What the exercise asks: All entries below must be retyped exactly, though pictures are to be skipped.

(Records from a data collection)
Content starts
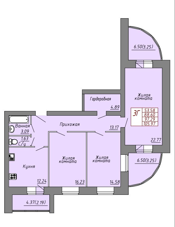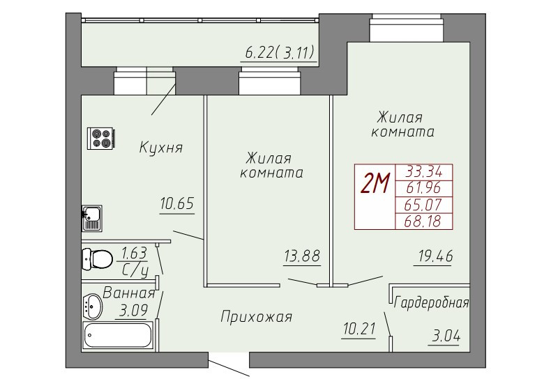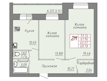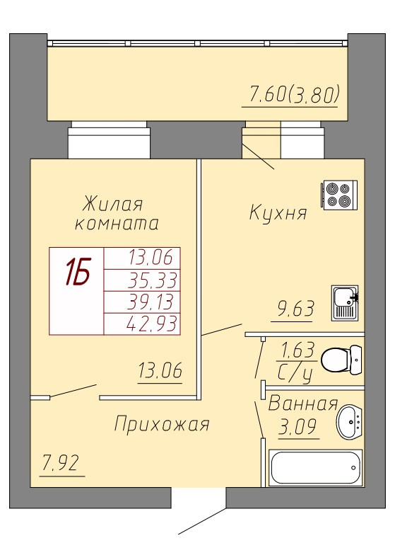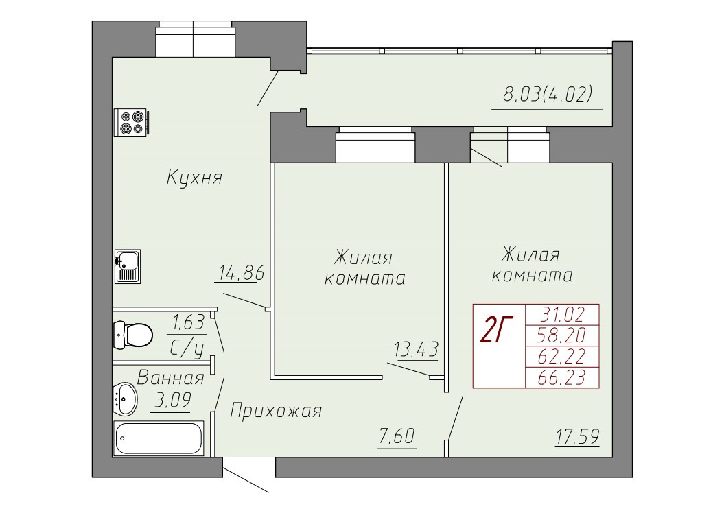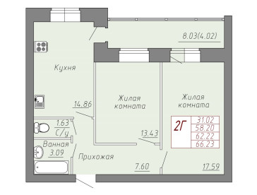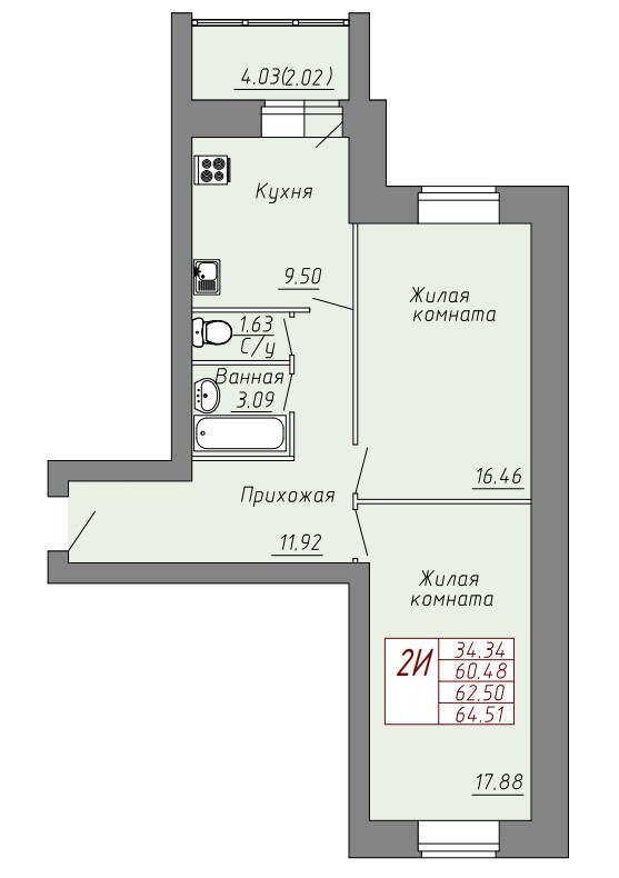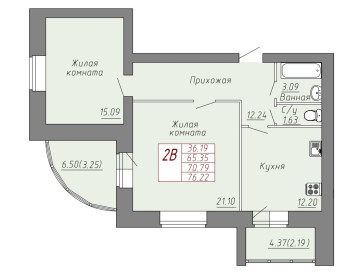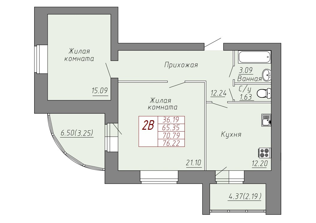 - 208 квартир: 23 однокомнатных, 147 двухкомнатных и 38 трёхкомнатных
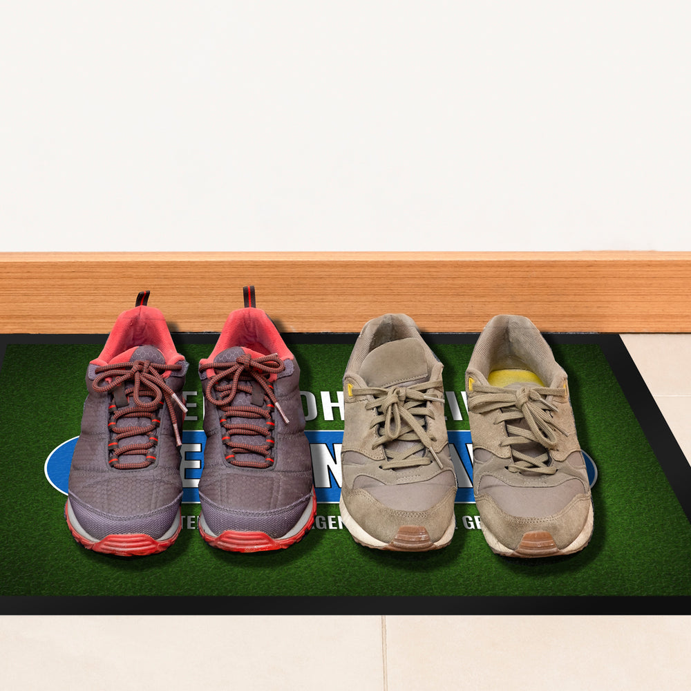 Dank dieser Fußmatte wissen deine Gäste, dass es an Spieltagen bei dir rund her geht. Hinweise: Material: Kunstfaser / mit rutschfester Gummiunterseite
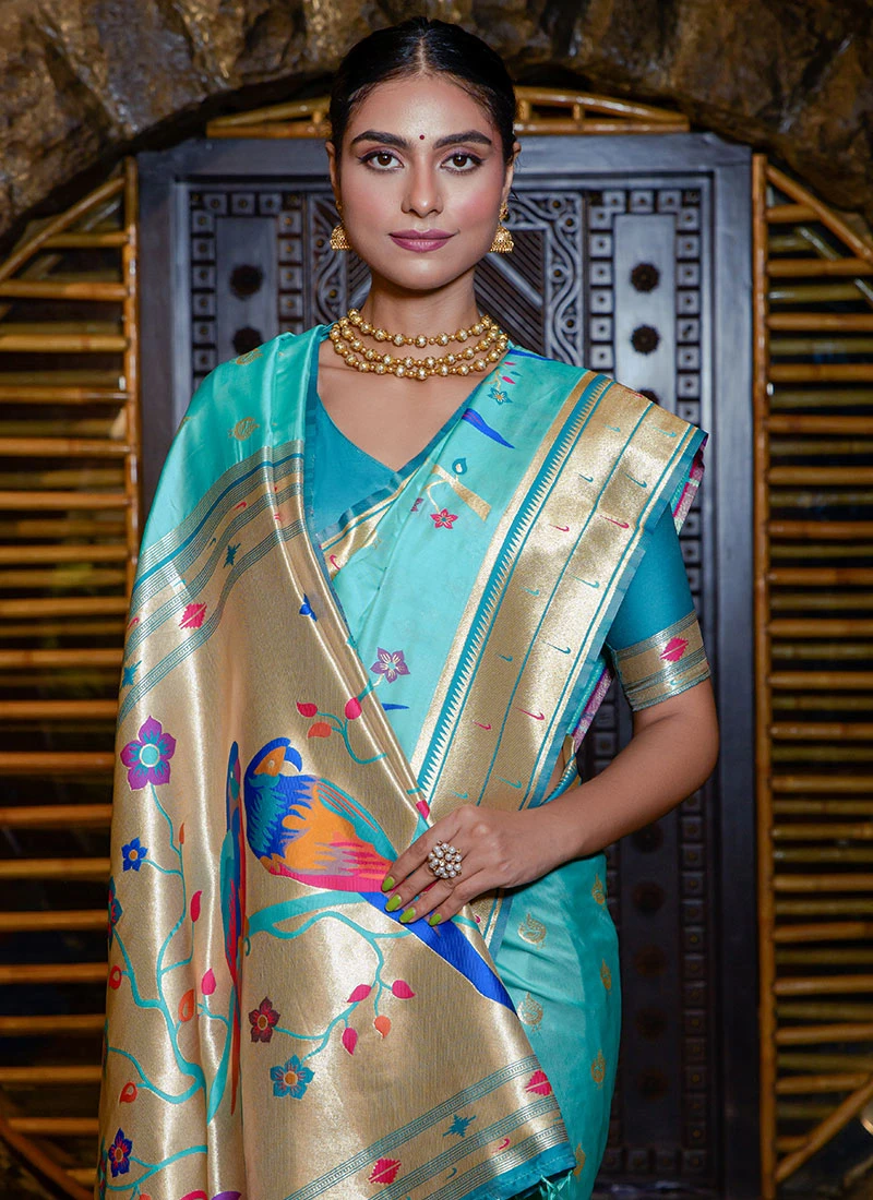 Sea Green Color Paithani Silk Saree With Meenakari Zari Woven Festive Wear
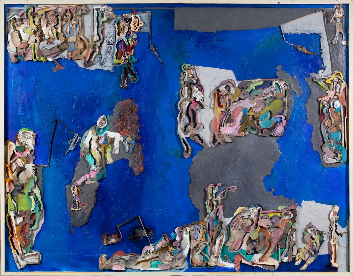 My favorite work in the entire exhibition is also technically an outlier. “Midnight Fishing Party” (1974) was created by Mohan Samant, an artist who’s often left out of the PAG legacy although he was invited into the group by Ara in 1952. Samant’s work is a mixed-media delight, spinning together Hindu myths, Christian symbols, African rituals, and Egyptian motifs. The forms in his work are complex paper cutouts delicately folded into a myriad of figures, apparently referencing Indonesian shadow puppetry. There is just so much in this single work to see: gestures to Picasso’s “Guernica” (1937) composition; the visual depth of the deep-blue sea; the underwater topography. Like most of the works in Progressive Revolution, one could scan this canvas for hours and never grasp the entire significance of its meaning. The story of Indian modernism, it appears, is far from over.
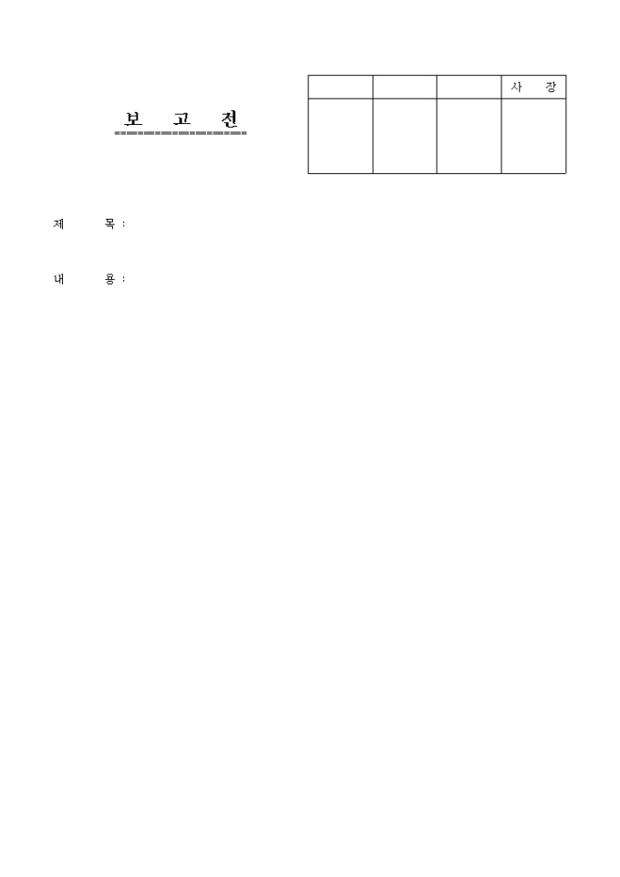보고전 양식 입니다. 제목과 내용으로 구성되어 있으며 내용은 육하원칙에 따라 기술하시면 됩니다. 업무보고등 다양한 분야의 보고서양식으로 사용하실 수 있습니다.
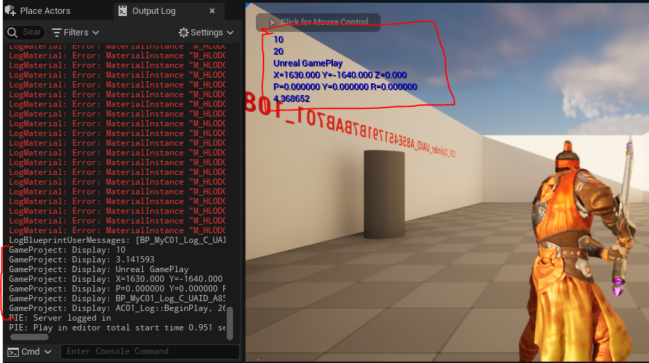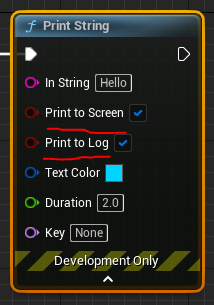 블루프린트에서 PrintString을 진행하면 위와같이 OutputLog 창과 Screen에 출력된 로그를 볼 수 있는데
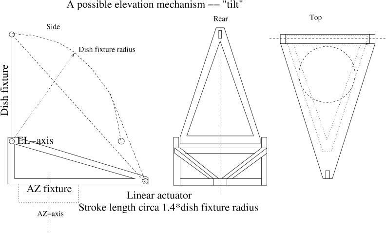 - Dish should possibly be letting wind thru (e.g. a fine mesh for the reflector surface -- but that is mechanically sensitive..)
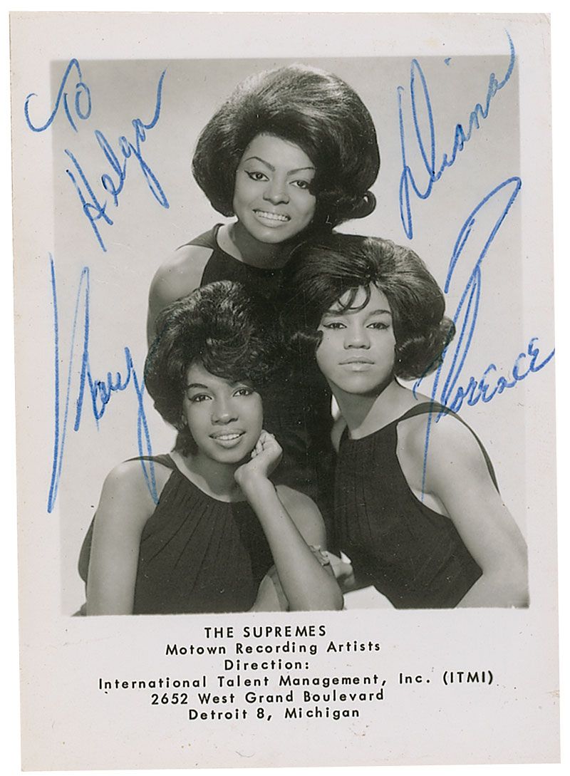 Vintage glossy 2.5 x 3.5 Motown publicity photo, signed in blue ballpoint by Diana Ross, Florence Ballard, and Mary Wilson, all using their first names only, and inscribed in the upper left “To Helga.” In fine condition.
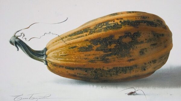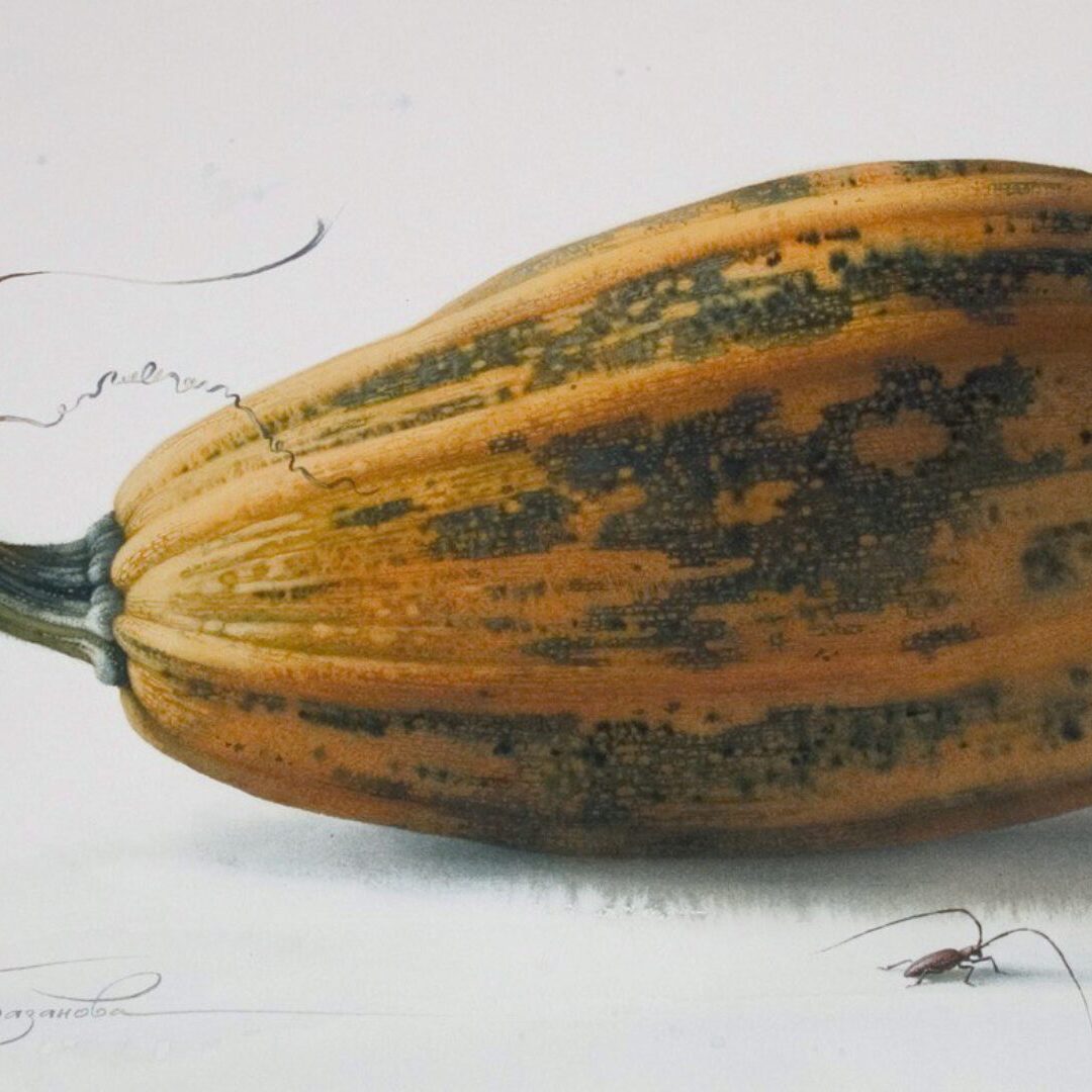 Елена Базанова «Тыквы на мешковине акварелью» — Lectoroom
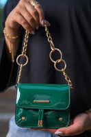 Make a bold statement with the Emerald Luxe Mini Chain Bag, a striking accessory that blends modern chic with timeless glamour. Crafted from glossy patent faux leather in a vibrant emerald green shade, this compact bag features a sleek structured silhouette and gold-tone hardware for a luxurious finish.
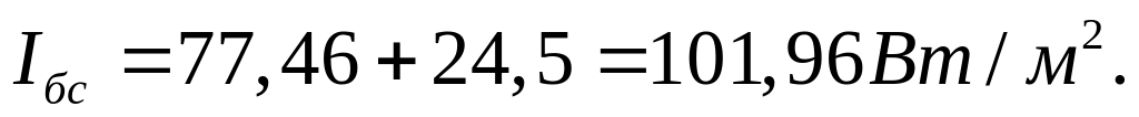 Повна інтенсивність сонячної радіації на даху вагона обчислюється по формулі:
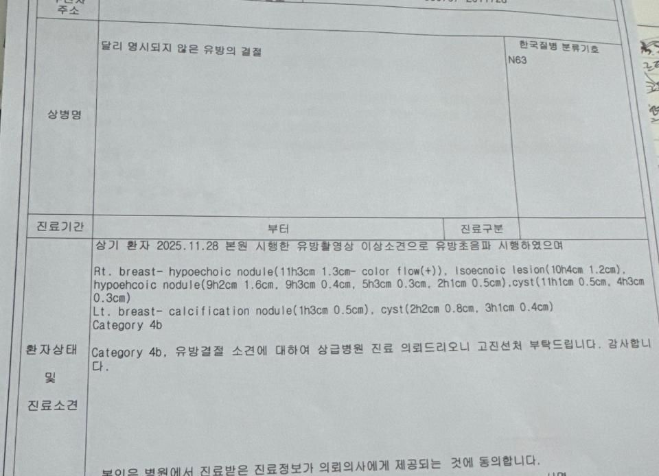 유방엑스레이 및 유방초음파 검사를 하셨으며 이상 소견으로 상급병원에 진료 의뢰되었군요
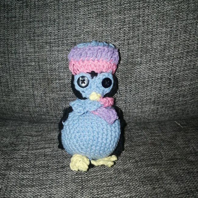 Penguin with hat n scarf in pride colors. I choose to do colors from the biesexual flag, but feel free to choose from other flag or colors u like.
Content ends
Problem solution:
 - 208 квартир: 23 однокомнатных, 147 двухкомнатных и 38 трёхкомнатных
 Dank dieser Fußmatte wissen deine Gäste, dass es an Spieltagen bei dir rund her geht. Hinweise: Material: Kunstfaser / mit rutschfester Gummiunterseite
 Sea Green Color Paithani Silk Saree With Meenakari Zari Woven Festive Wear
 My favorite work in the entire exhibition is also technically an outlier. “Midnight Fishing Party” (1974) was created by Mohan Samant, an artist who’s often left out of the PAG legacy although he was invited into the group by Ara in 1952. Samant’s work is a mixed-media delight, spinning together Hindu myths, Christian symbols, African rituals, and Egyptian motifs. The forms in his work are complex paper cutouts delicately folded into a myriad of figures, apparently referencing Indonesian shadow puppetry. There is just so much in this single work to see: gestures to Picasso’s “Guernica” (1937) composition; the visual depth of the deep-blue sea; the underwater topography. Like most of the works in Progressive Revolution, one could scan this canvas for hours and never grasp the entire significance of its meaning. The story of Indian modernism, it appears, is far from over.
보고전 양식 입니다. 제목과 내용으로 구성되어 있으며 내용은 육하원칙에 따라 기술하시면 됩니다. 업무보고등 다양한 분야의 보고서양식으로 사용하실 수 있습니다.
 블루프린트에서 PrintString을 진행하면 위와같이 OutputLog 창과 Screen에 출력된 로그를 볼 수 있는데
 - Dish should possibly be letting wind thru (e.g. a fine mesh for the reflector surface -- but that is mechanically sensitive..)
 Vintage glossy 2.5 x 3.5 Motown publicity photo, signed in blue ballpoint by Diana Ross, Florence Ballard, and Mary Wilson, all using their first names only, and inscribed in the upper left “To Helga.” In fine condition.
 Елена Базанова «Тыквы на мешковине акварелью» — Lectoroom
 Make a bold statement with the Emerald Luxe Mini Chain Bag, a striking accessory that blends modern chic with timeless glamour. Crafted from glossy patent faux leather in a vibrant emerald green shade, this compact bag features a sleek structured silhouette and gold-tone hardware for a luxurious finish.
 Повна інтенсивність сонячної радіації на даху вагона обчислюється по формулі:
 유방엑스레이 및 유방초음파 검사를 하셨으며 이상 소견으로 상급병원에 진료 의뢰되었군요
 Penguin with hat n scarf in pride colors. I choose to do colors from the biesexual flag, but feel free to choose from other flag or colors u like.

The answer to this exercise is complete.